Indian Museum has lined up the perfect Mother's Day gift for its visitors - a lactation room where mothers can feed their babies in comfort and privacy.

Farah Khatoon Published 13.05.17, 12:00 AM
The Mother and Child Room at Indian Museum. 
(Chanchal Ghosh)

May 12: Indian Museum has lined up the perfect Mother's Day gift for its visitors - a lactation room where mothers can feed their babies in comfort and privacy.

The 10ftX12ft room situated to the left of the courtyard will be thrown open on Sunday May 14, Mother's Day.

The Mother and Child Room, as it will be called, is the brainchild of Jayanta Sengupta, the director of Indian Museum, and his team. A room that earlier housed a shop has been revamped for the purpose.

"We have observed over several months that the absence of any private space in the museum is a cause of inconvenience for mothers who visit the museum with infants. We felt the need to have a discreet space for them to nurse their babies. And Mother's Day seemed the apt occasion to introduce this facility," Sengupta said.

Most international museums such as British Museum, Victoria and Albert Museum and National Gallery in London, Smithsonian Institution National Museum of Natural History in Washington and Field Museum in Chicago boast similar facilities.

"A lactation room is a necessity. Some female members of our staff have been approached by visitors enquiring about a private space for breastfeeding. There are lactation rooms in most museums in the US but in India, ours is definitely the first museum with the facility," Sengupta said.

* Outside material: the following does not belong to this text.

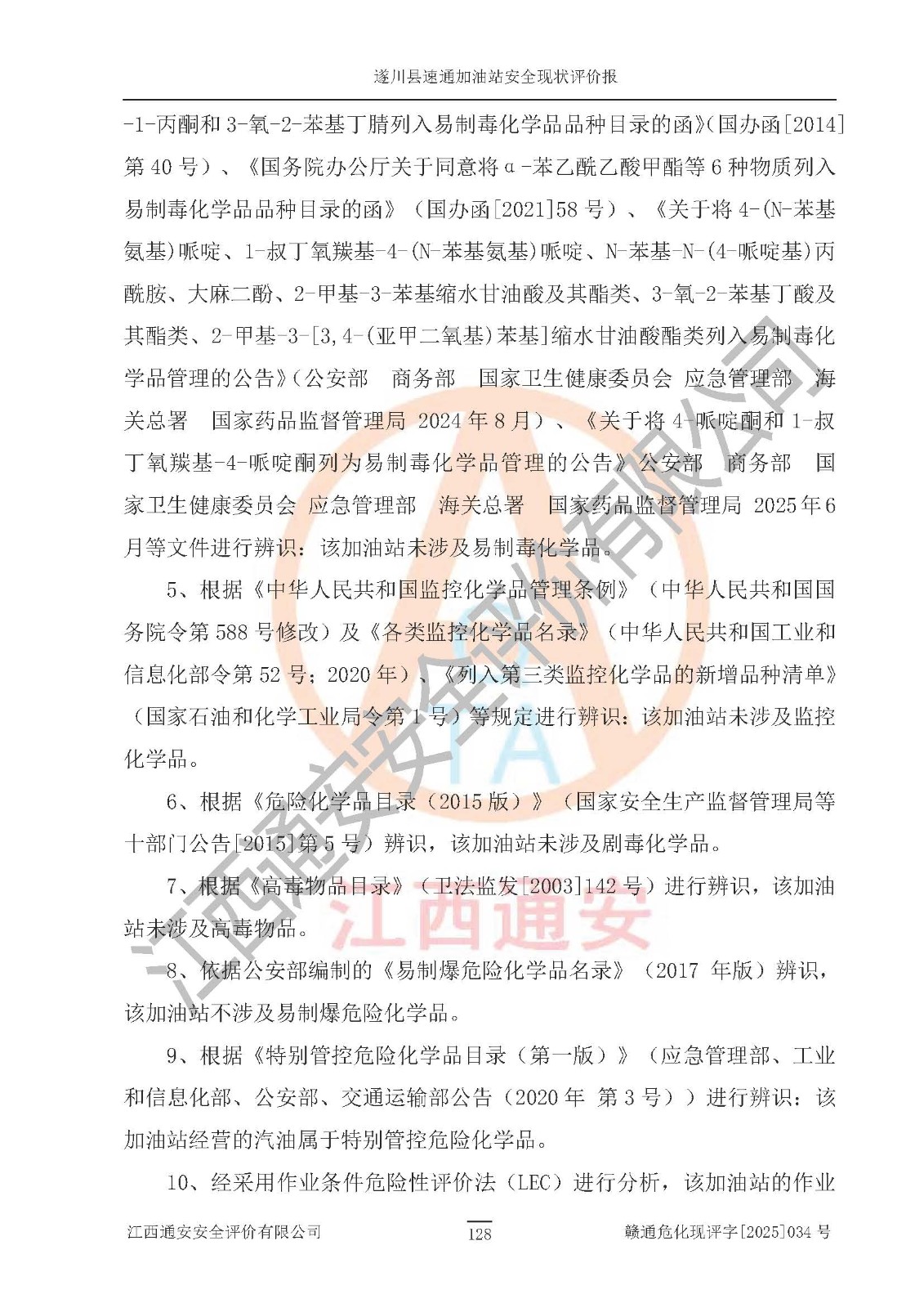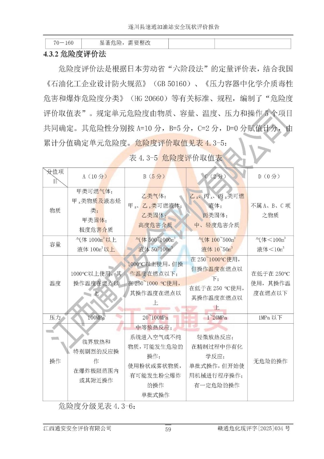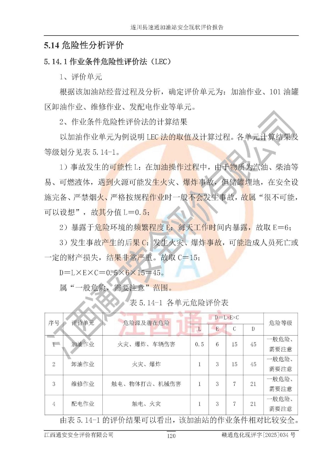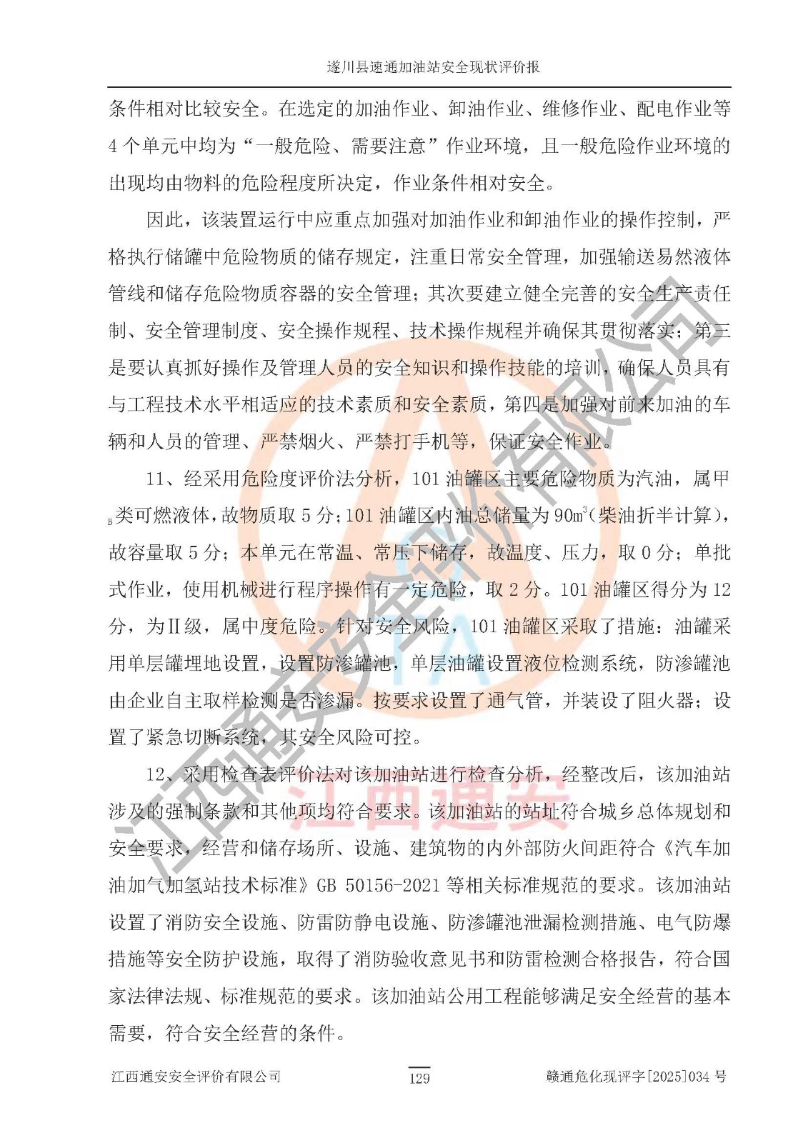 其它 | 在對該項目危險、有害因素辨識分析的基礎(chǔ)上,運用安全檢查表、預(yù)作業(yè)條件危險性分析法、危險度評價、重大事故后果分析結(jié)果等評價方法對該項目進(jìn)行了分析評價,評價結(jié)果如下: 1、該項目位于江西省吉安市遂川縣高速公路連接線(泉江鎮(zhèn)洋村段),符合當(dāng)?shù)匾?guī)劃,與周邊環(huán)境的距離符合有關(guān)標(biāo)準(zhǔn)、規(guī)范的要求。 2、總圖布置分區(qū)明確,布局合理,各建構(gòu)筑物的防火間距滿足規(guī)范要求。 3、該項目無**明令淘汰的工藝,設(shè)備、設(shè)施與工藝條件、內(nèi)部介質(zhì)相適應(yīng),特種設(shè)備及設(shè)施較齊全,按規(guī)定設(shè)置防雷、防靜電接地,爆炸危險環(huán)境加油機按要求采用防爆型,符合相關(guān)標(biāo)準(zhǔn)規(guī)范要求。 5、企業(yè)設(shè)置了安全生產(chǎn)管理機構(gòu),配備了專職安全生產(chǎn)管理人員,建立了安全生產(chǎn)責(zé)任制和安全生產(chǎn)管理制度,編制了崗位操作規(guī)程,編制了生產(chǎn)安全事故應(yīng)急預(yù)案,人員經(jīng)過相應(yīng)的培訓(xùn),企業(yè)的安全生產(chǎn)管理正常。 6、作業(yè)條件危險性評價結(jié)果:在選定的評價單元中,作業(yè)危險程度均為“一般危險,需要注意”,作業(yè)條件相對安全。 7、危險度評價結(jié)果:汽油儲罐的危險程度為中度危險。油罐采用單層罐埋地設(shè)置,設(shè)置防滲罐池,單層油罐設(shè)置液位檢測系統(tǒng),防滲罐池由企業(yè)自主取樣檢測是否滲漏。按要求設(shè)置了通氣管,并裝設(shè)了阻火器;設(shè)置了緊急切斷系統(tǒng),其安全風(fēng)險可控。 評價結(jié)論: 遂川縣速通加油站工藝設(shè)備和安全設(shè)施運行正常,安全管理機制運行正常,安全設(shè)施、措施達(dá)到設(shè)計要求和預(yù)期結(jié)果,可以滿足建設(shè)項目安全生產(chǎn)的要求,安全生產(chǎn)管理**,項目具備危險化學(xué)品經(jīng)營單位安全經(jīng)營條件的要求。 | ||||

The lactation room at Indian Museum will have a female attendant on duty. It will be equipped with comfortable chairs and benches and should be able to accommodate five mothers at a time. With a curtain to guard the door, the room will offer much-needed privacy to nursing mothers.

The facility, though, has been designed keeping visitors, and not museum staff, in mind. "Unlike in the West, new mothers in India rarely take babies to the workplace. Also, the employees have the advantage of using any discreet corner of the museum but such spaces may not be accessible to visitors," the museum director said.

Sayan Bhattacharya, the education officer of the museum, hoped the initiative would ensure "not just a memorable but a comfortable visit to the museum" for lactating mothers. "It is our way of showing respect," he said. The Mother and Child Room will be open during museum hours.